_ASSIGNED TASK:_ Restate, in full and unchanged, the entries that follow, but not their pictures.

_DATA EXCERPTS:_
********
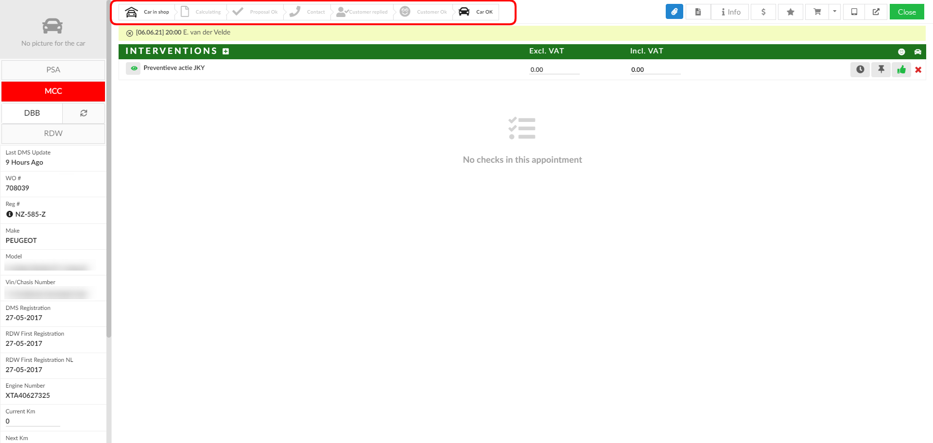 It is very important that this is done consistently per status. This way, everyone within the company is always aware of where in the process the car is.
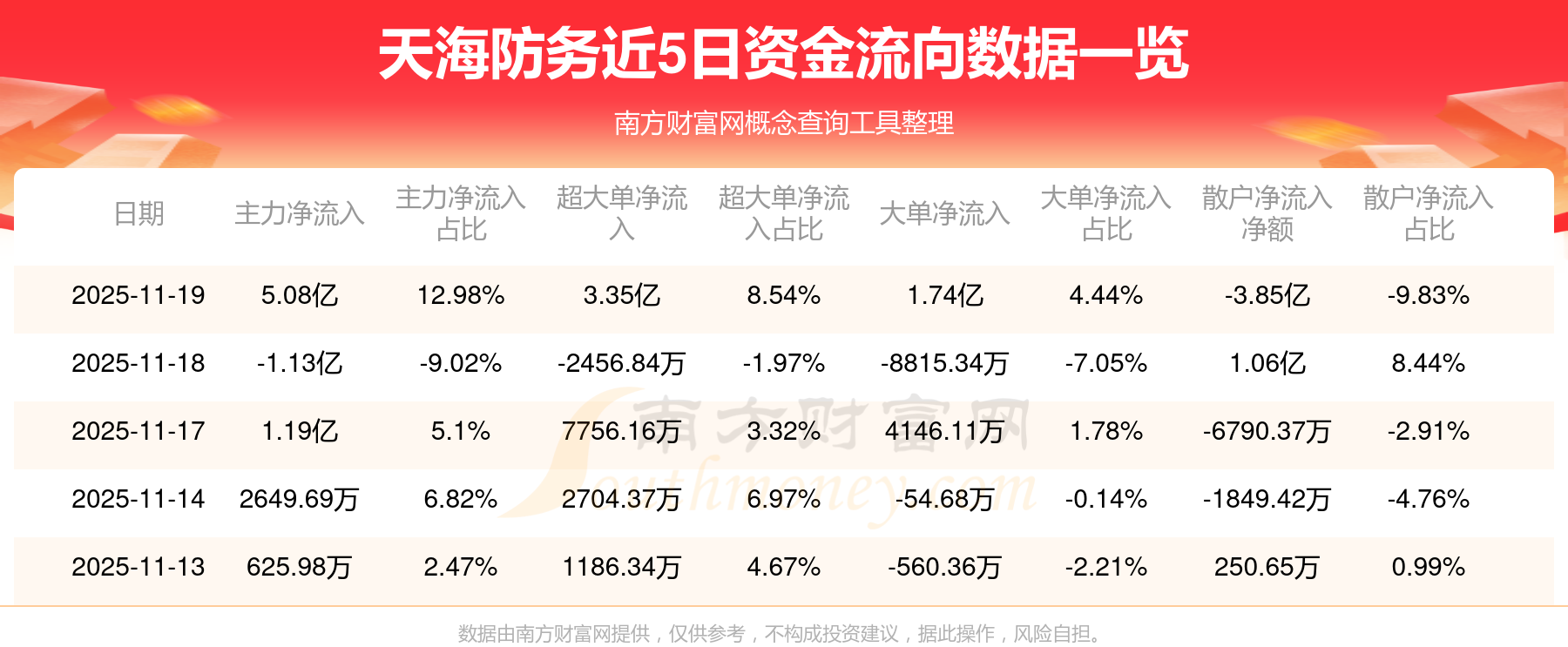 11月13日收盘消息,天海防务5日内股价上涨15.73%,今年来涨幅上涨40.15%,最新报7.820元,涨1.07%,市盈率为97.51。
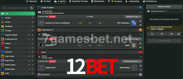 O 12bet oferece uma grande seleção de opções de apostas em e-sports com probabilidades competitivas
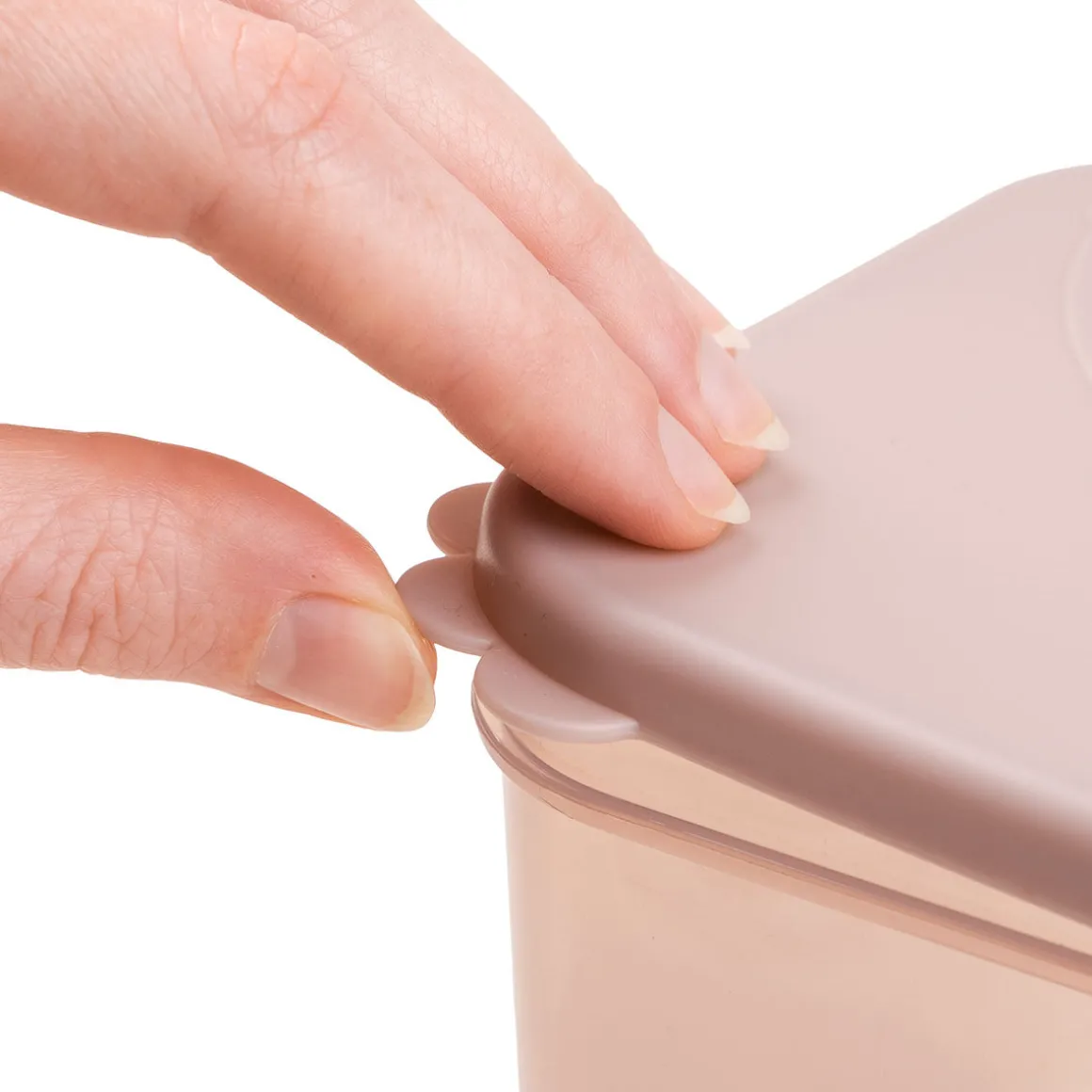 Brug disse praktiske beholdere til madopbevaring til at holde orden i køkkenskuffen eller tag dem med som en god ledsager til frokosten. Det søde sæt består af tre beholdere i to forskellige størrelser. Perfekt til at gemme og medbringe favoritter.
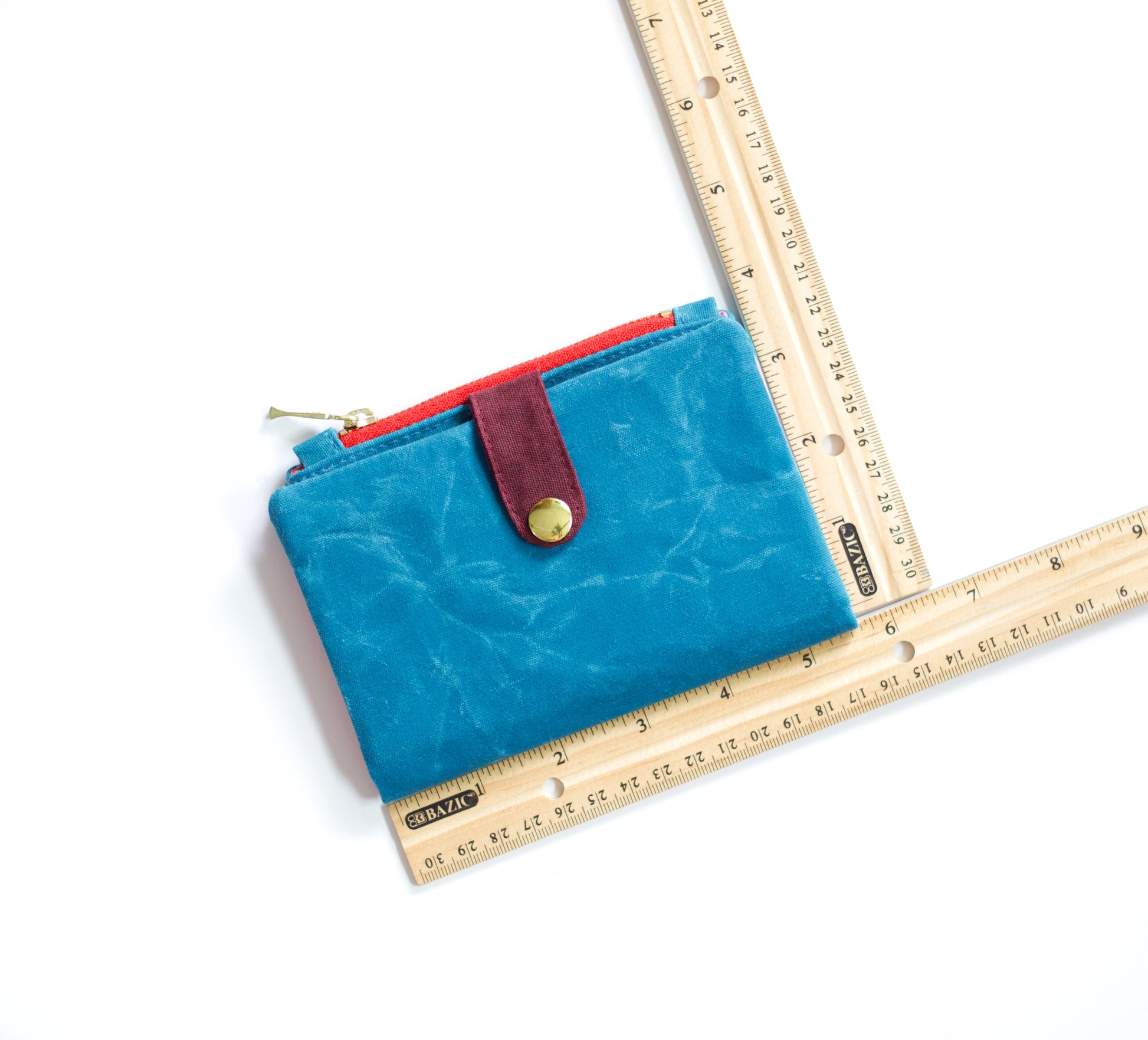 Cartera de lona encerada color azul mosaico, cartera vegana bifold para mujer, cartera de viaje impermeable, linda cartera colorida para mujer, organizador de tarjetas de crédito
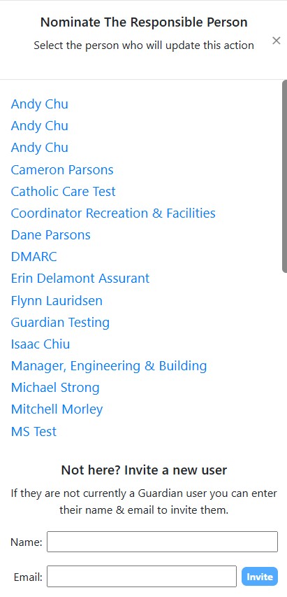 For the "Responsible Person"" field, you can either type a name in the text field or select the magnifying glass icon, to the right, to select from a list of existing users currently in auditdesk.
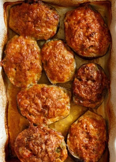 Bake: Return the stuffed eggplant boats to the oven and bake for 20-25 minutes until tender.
********
_ANSWER BELOW:_
 It is very important that this is done consistently per status. This way, everyone within the company is always aware of where in the process the car is.
 11月13日收盘消息,天海防务5日内股价上涨15.73%,今年来涨幅上涨40.15%,最新报7.820元,涨1.07%,市盈率为97.51。
 O 12bet oferece uma grande seleção de opções de apostas em e-sports com probabilidades competitivas
 Brug disse praktiske beholdere til madopbevaring til at holde orden i køkkenskuffen eller tag dem med som en god ledsager til frokosten. Det søde sæt består af tre beholdere i to forskellige størrelser. Perfekt til at gemme og medbringe favoritter.
 Cartera de lona encerada color azul mosaico, cartera vegana bifold para mujer, cartera de viaje impermeable, linda cartera colorida para mujer, organizador de tarjetas de crédito
 For the "Responsible Person"" field, you can either type a name in the text field or select the magnifying glass icon, to the right, to select from a list of existing users currently in auditdesk.
 Bake: Return the stuffed eggplant boats to the oven and bake for 20-25 minutes until tender.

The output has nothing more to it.